The others here are basically right. You don't specify what the platform you want to put this on. You have a couple of options:
- Native program. This can be made to require no installation. This would be Win32/MFC and C/C++, or Cocoa and Objective-C. Not necessarily easy to program (fetching a web page in Win32?), not portable, but it will work.
- Python/Ruby/Perl/etc. These are easier, but require either the runtime, or the runtime to be bundled up in the application, which makes it rather large. Flash applications can bundle the runtime, I think.
- Java/.NET. A good way to do it, but they will need the runtime, which can't be put inside the executable.
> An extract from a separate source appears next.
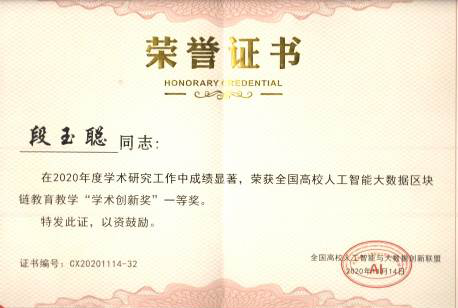 11月14日,“2020第三届全国高校人工智能大数据区块链教育教学创新论坛”在北京召开。会上,全国高校人工智能与大数据创新联盟向来自全国的49位教师、15所高校颁发了人工智能大数据教育教学“创新奖”,Beat365段玉聪教授荣获全国高校人工智能大数据区块链教育教学“学术创新奖”一等奖。

- A widget. A special web page, recent OSes support it. See below.
I would go with the widget, if possible. It's just HTML and JavaScript. They're easy to write, and work well. OS X, Vista, Windows 7, and Linux all have support for widgets and won't need additional software. Windows XP would need a runtime (like Yahoo! Widgets) to be installed first.
Each OS does things slightly differently, so changes would have to be made to make a widget run in Dashboard in OS X and as a Gadget in Windows Vista/7.
I hope this helps. I made a widget to interact with a web application that company made. I made is for OS X (my OS), and it was quite easy. It just uses XMLHttpRequest to load some XML, parses it out, and updates it's self. It's quite simple. The same server side code can serve any kind of widget, as well as real applications.